▽
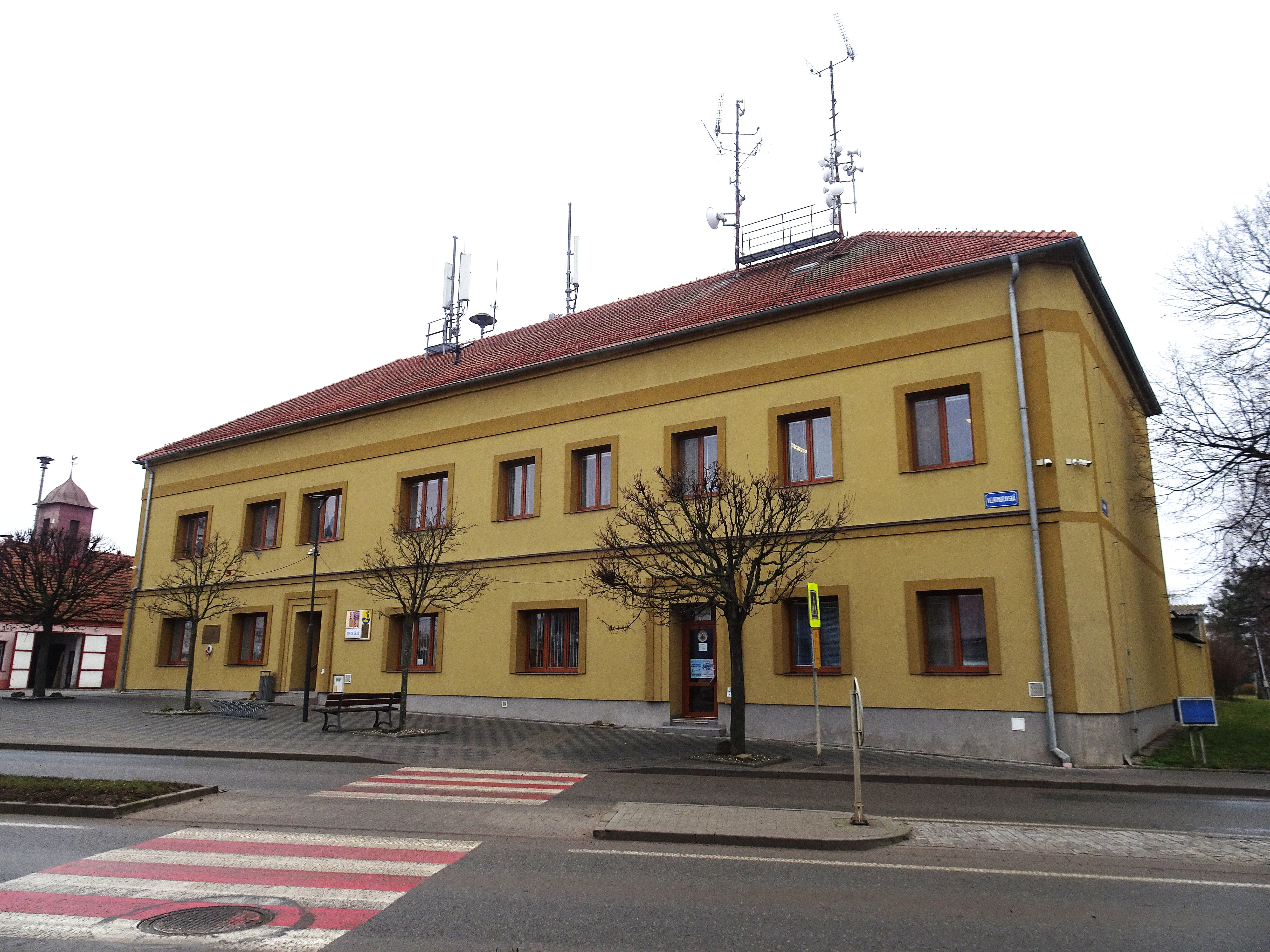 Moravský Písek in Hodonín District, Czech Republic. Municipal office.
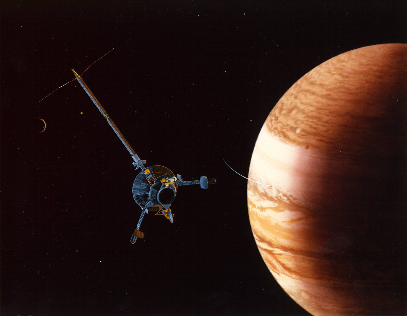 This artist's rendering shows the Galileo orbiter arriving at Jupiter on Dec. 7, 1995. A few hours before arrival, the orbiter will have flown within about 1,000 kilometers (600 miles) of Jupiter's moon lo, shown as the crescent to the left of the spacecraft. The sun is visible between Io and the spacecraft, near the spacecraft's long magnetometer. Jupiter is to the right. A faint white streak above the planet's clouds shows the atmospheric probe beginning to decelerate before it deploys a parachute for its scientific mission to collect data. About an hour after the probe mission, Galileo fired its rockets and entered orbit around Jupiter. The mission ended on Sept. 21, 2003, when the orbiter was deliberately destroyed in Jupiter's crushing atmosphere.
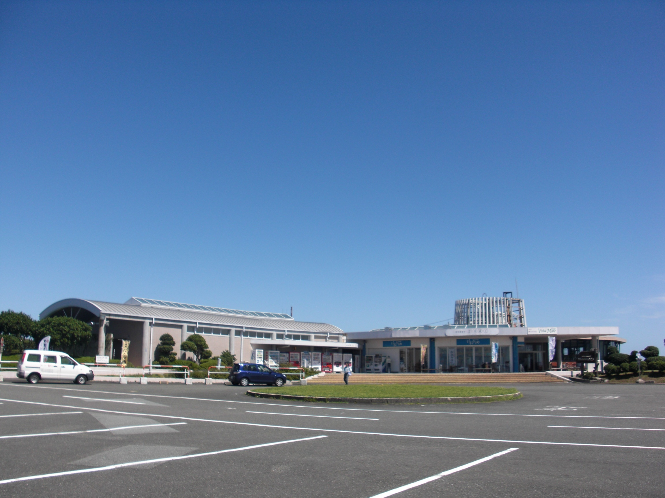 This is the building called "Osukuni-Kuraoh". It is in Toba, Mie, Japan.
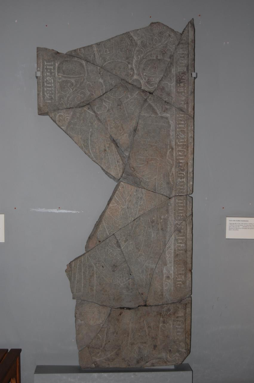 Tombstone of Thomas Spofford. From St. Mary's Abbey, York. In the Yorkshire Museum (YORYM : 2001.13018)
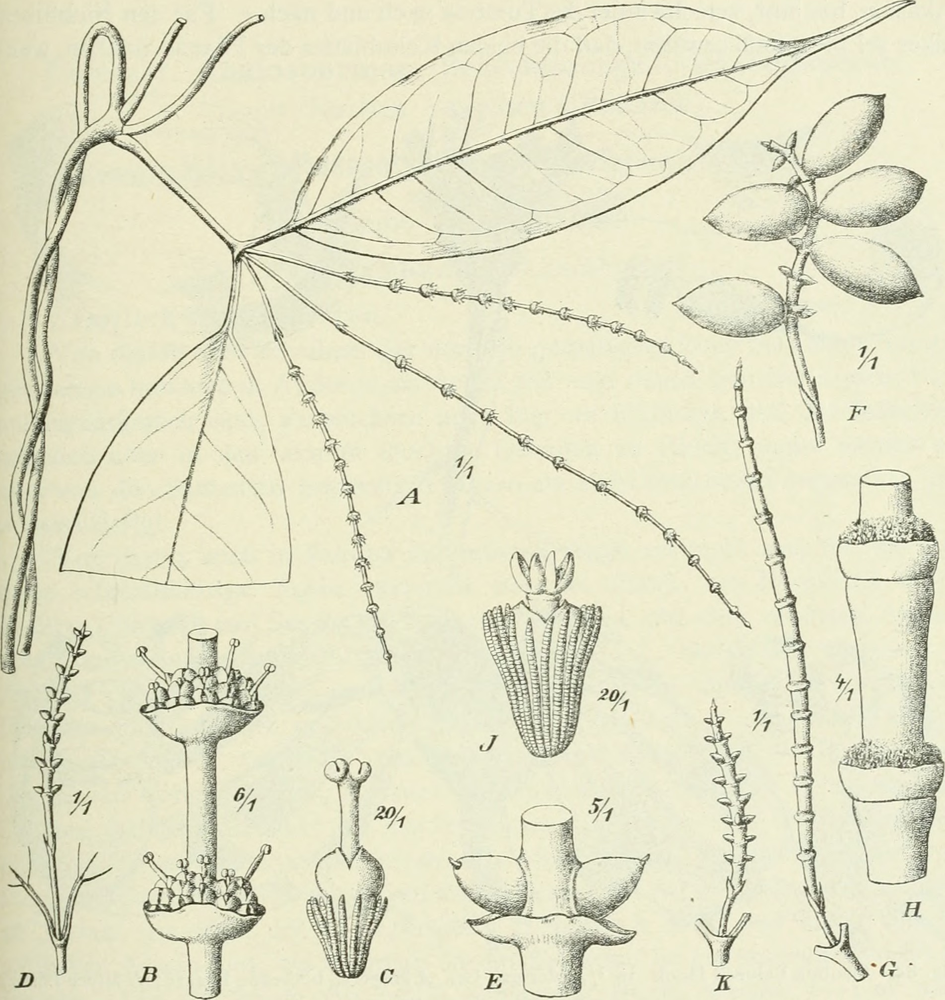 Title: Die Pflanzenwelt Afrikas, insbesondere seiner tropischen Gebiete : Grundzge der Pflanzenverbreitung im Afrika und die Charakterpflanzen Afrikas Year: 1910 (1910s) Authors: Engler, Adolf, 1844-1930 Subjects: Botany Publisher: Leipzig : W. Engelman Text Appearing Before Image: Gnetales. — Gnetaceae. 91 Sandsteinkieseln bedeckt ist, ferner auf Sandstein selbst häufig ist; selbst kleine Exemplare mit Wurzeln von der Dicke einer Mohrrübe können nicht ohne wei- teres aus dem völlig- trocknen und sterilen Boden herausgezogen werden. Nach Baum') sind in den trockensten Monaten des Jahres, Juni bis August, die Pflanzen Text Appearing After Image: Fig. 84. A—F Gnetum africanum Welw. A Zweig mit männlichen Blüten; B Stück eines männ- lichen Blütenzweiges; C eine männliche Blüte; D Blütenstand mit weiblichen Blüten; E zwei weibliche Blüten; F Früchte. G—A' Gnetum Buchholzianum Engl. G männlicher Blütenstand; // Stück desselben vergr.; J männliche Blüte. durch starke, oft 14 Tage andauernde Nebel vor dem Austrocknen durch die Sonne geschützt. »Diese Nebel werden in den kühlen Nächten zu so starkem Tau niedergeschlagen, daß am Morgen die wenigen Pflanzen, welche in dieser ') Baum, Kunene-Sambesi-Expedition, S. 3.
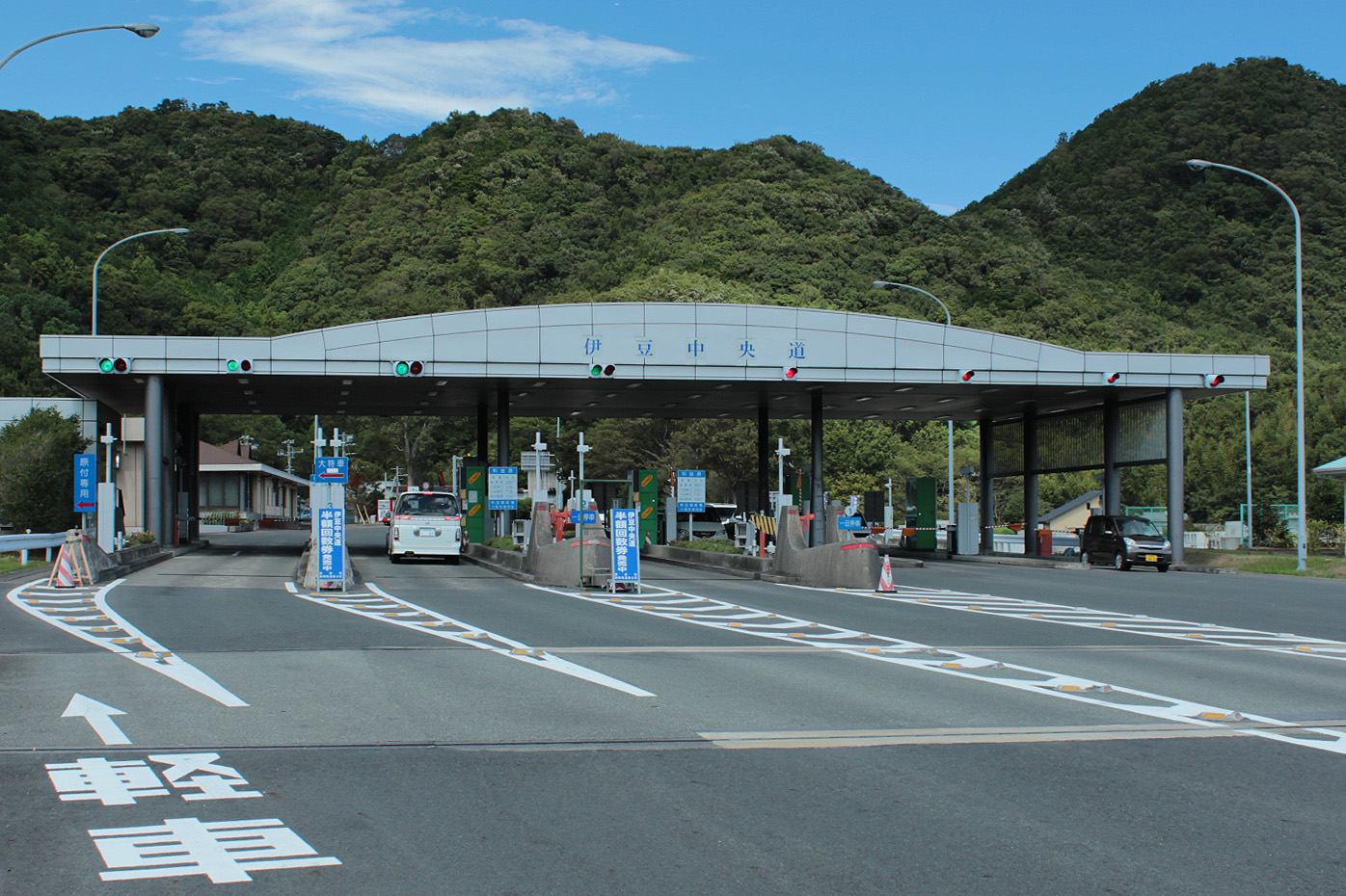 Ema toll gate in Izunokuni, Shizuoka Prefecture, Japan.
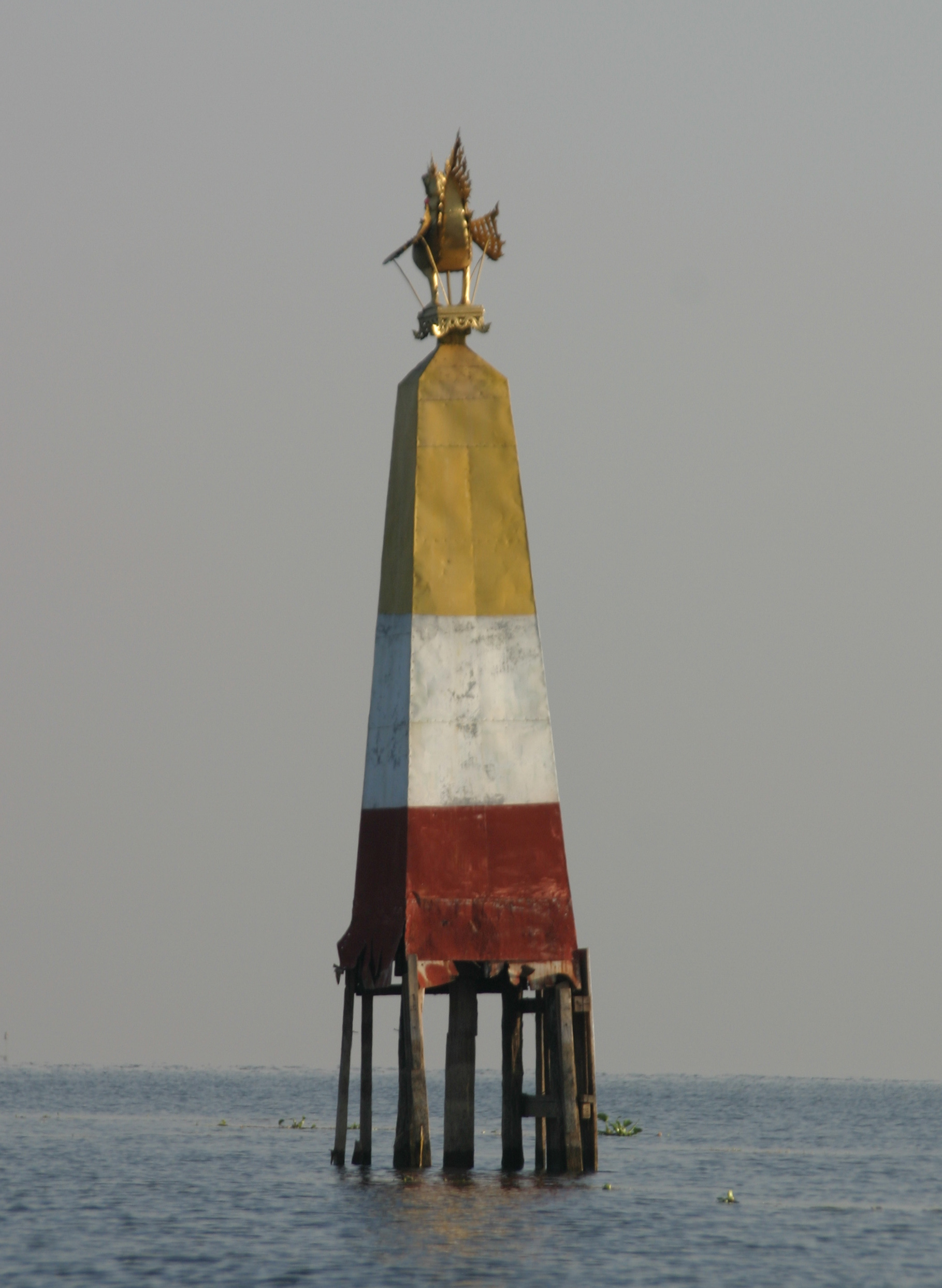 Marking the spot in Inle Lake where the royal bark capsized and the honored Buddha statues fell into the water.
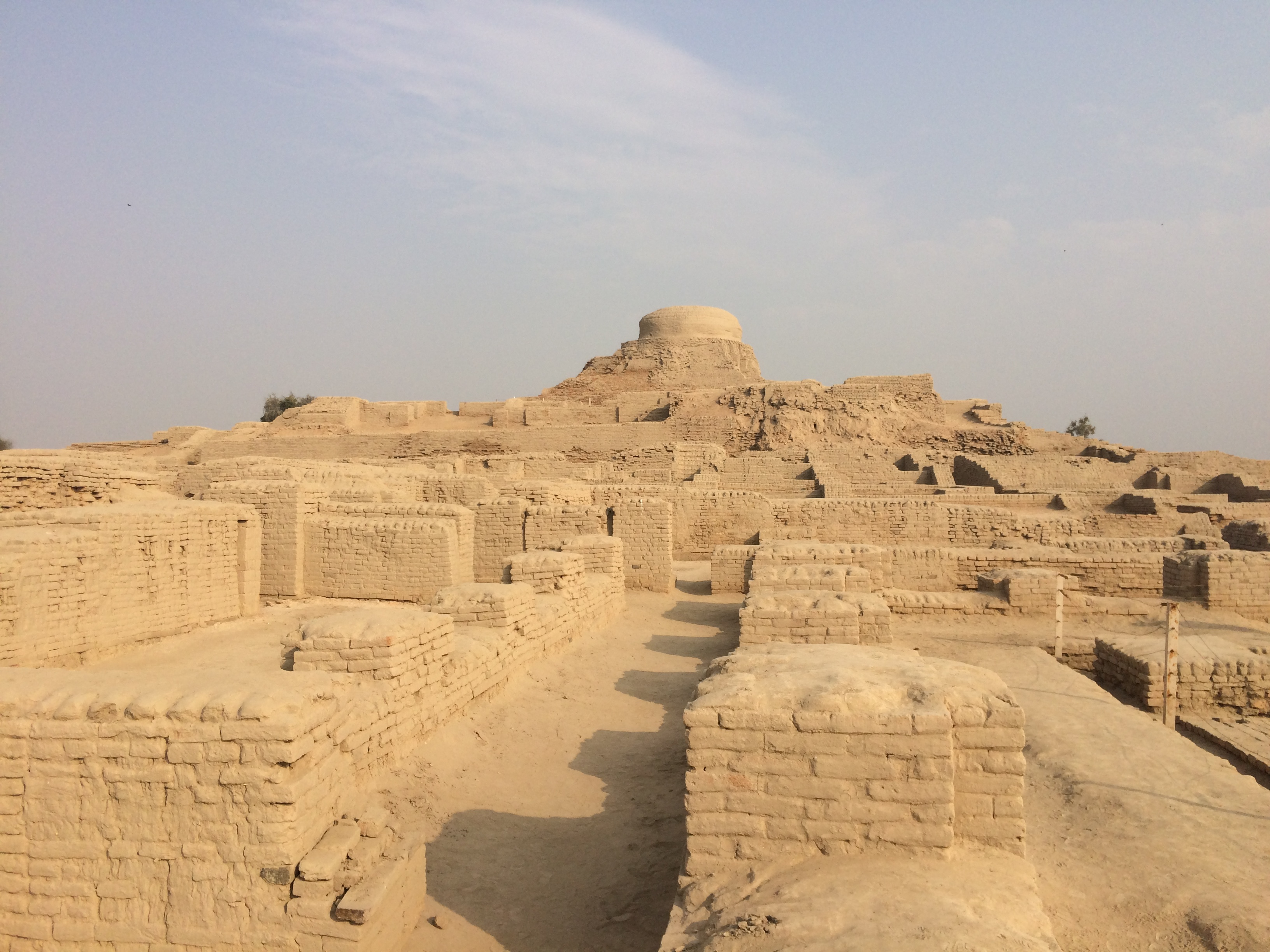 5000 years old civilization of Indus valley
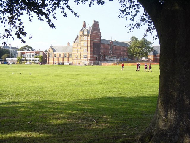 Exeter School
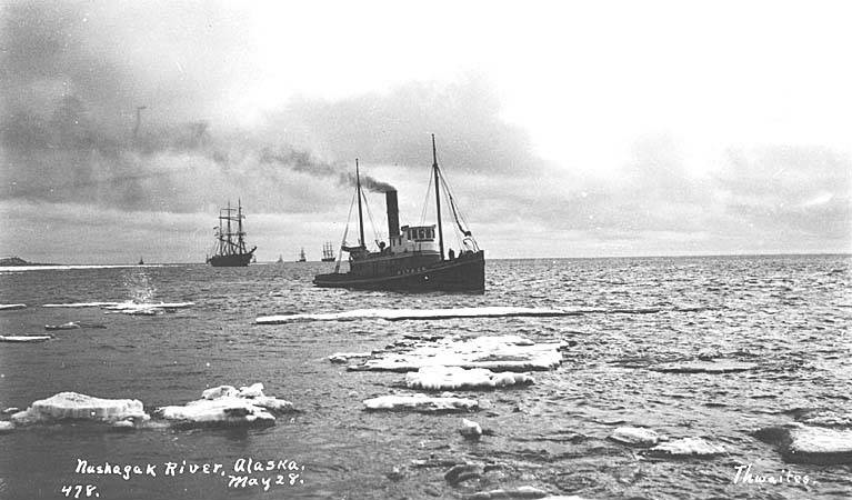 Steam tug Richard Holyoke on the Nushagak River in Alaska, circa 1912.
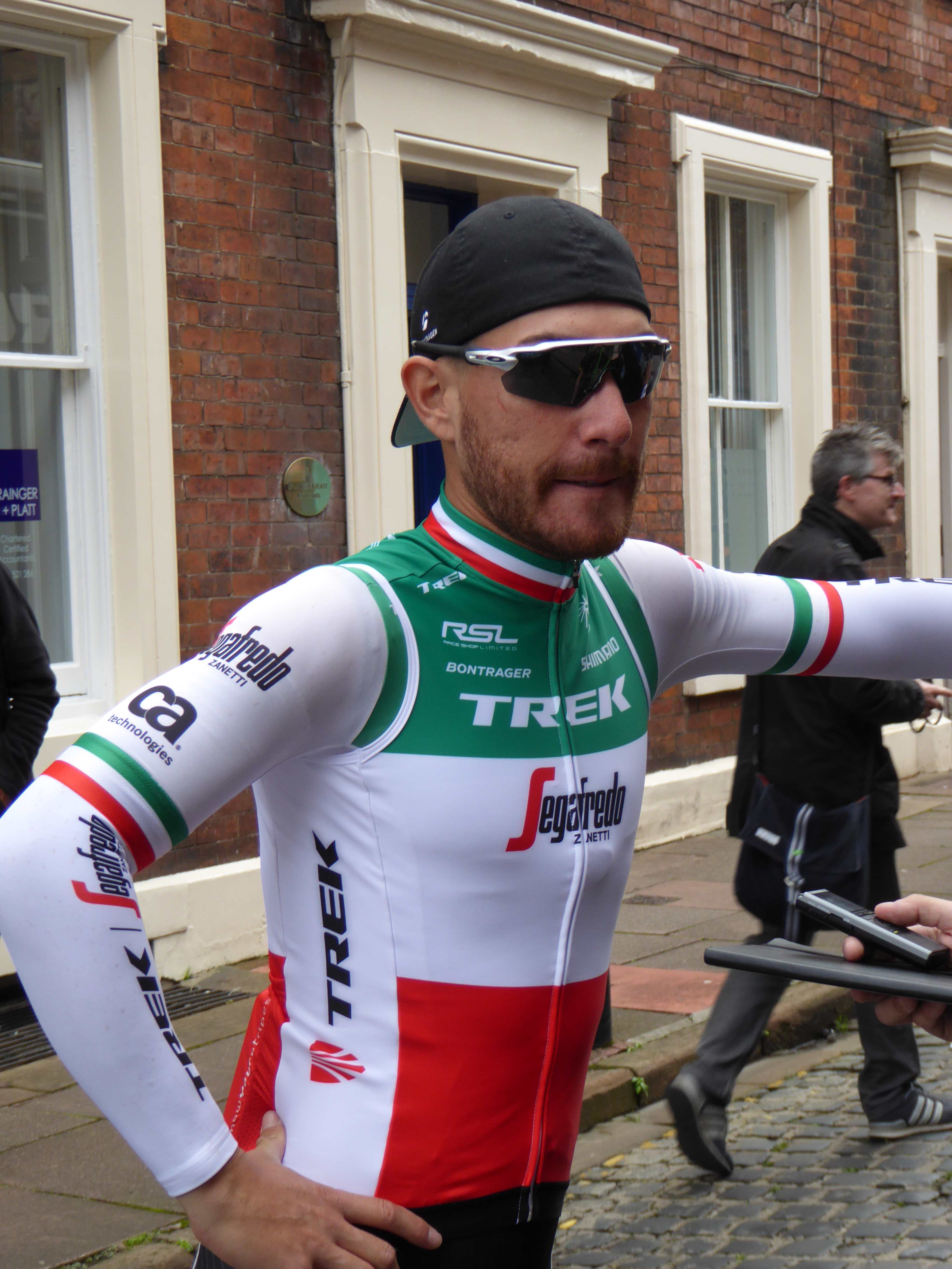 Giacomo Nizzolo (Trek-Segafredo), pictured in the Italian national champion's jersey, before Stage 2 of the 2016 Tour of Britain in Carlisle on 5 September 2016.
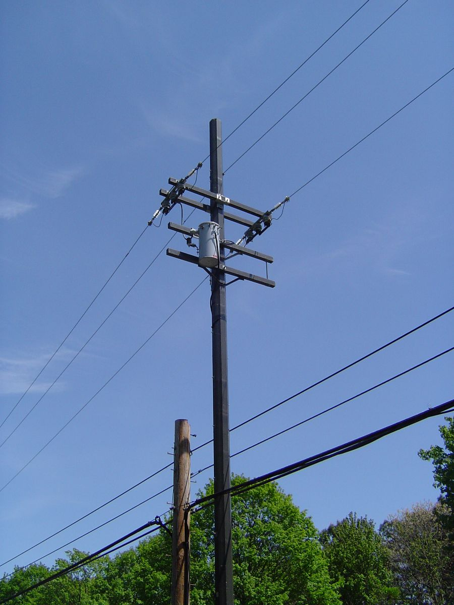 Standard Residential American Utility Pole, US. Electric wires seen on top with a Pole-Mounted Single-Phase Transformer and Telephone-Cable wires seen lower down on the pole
△
> **Task description**: Above are the records; copy exactly the lines from the one with "5000 years old civilization of Indus valley" through the one with "Giacomo Nizzolo (Trek-Segafredo), pictured", including both, and nothing more. Leave out pictures.

> **Answer box**:
 5000 years old civilization of Indus valley
 Exeter School
 Steam tug Richard Holyoke on the Nushagak River in Alaska, circa 1912.
 Giacomo Nizzolo (Trek-Segafredo), pictured in the Italian national champion's jersey, before Stage 2 of the 2016 Tour of Britain in Carlisle on 5 September 2016.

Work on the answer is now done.